Description Fujii Hironori 2018-07-25 22:04:26 PDT
Consecutive DumpRenderTree crash on WinCairo BuildBots

It happens occasionally on both test bots:

- WinCairo 64-bit WKL Release (Tests)
- WinCairo 64-bit WKL Debug (Tests)

For example:
https://build.webkit.org/builders/WinCairo%2064-bit%20WKL%20Release%20%28Tests%29/builds/738/steps/layout-test/logs/stdio

> 17:42:28.538 108568 Looking at [u'C:\\WebKit-BuildWorker\\wincairo-wkl-release-tests\\build\\WebKitBuild\\Release\\bin64\\DumpRenderTree.exe', '-']
> 17:42:28.637 108568 This test marked as a crash because of failure to poll the server process.
> 17:42:28.638 108568 looking for crash log for DumpRenderTree:104304
> 17:42:28.640 108568 Looking at [u'C:\\WebKit-BuildWorker\\wincairo-wkl-release-tests\\build\\WebKitBuild\\Release\\bin64\\DumpRenderTree.exe', '-']
> 17:42:28.743 108568 This test marked as a crash because of failure to poll the server process.
> 17:42:28.743 108568 looking for crash log for DumpRenderTree:89312
> 17:42:28.743 108568 worker/7 fast\css\variables\env\safe-area-inset-env-zero.html crashed, (no stderr)
> 17:42:28.752 118408 [8638/15300] fast\css\variables\env\safe-area-inset-env-zero.html failed unexpectedly (DumpRenderTree crashed [pid=104304])
> 17:42:28.751 108568 worker/7 killing driver
> 17:42:28.753 108568 worker/7 fast\css\variables\env\safe-area-inset-env-zero.html failed:
> 17:42:28.753 108568 worker/7  DumpRenderTree crashed [pid=104304]
> 17:42:28.767 108568 Looking at [u'C:\\WebKit-BuildWorker\\wincairo-wkl-release-tests\\build\\WebKitBuild\\Release\\bin64\\DumpRenderTree.exe', '-']
> 17:42:28.882 108568 This test marked as a crash because of failure to poll the server process.
> 17:42:28.882 108568 looking for crash log for DumpRenderTree:105088
> 17:42:28.885 108568 Looking at [u'C:\\WebKit-BuildWorker\\wincairo-wkl-release-tests\\build\\WebKitBuild\\Release\\bin64\\DumpRenderTree.exe', '-']
> 17:42:28.996 108568 This test marked as a crash because of failure to poll the server process.
> 17:42:28.996 108568 looking for crash log for DumpRenderTree:67916
> 17:42:28.996 108568 worker/7 fast\css\will-change\will-change-creates-stacking-context-inline.html crashed, (no stderr)
> 17:42:29.015 118408 [8645/15300] fast\css\will-change\will-change-creates-stacking-context-inline.html failed unexpectedly (DumpRenderTree crashed [pid=105088])
> 17:42:29.004 108568 worker/7 killing driver
> 17:42:29.005 108568 worker/7 fast\css\will-change\will-change-creates-stacking-context-inline.html failed:
> 17:42:29.005 108568 worker/7  DumpRenderTree crashed [pid=105088]
Comment 1 Fujii Hironori 2018-07-25 22:14:10 PDT
I can't reproduce this issue on my bare Windows PC.
However, it's easy to reproduce with Windows Docker on my PC.

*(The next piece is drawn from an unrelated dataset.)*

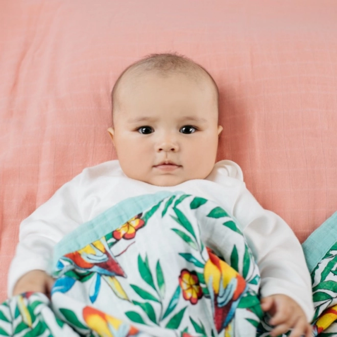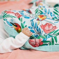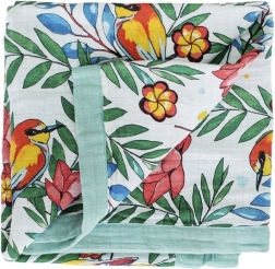 This muslin blanket combines the natural softness of 100% cotton with a breathable multi-layer structure. It’s lightweight, quick-drying, and pleasant to the touch—perfect for everyday use at home and on the go. The generous 106 × 106 cm size offers versatile use.

> docker run --name build -it --cpu-count=8 --memory=16g webkitdev/msbuild powershell
> 
> Select-VSEnvironment
> 
> $env:http_proxy = "http://..."
> $env:https_proxy = $env:http_proxy
> 
> git clone --depth=1 https://git.webkit.org/git/WebKit.git
> cd WebKit
> perl Tools\Scripts\build-webkit --wincairo
> 
> rm env:http_proxy
> rm env:https_proxy
> $env:WEBKIT_LIBRARIES = (gl).path + "\WebKitLibraries\win"
> python ./Tools/Scripts/run-webkit-tests --no-build --no-show-results --no-new-test-results --exit-after-n-crashes-or-timeouts 50 --exit-after-n-failures 500 --release --dump-render-tree --wincairo --debug-rwt-logging


"docker run" frequently fails "hcsshim: timeout waiting" error on my PC. I need to try it repeatedly to start a Docker container.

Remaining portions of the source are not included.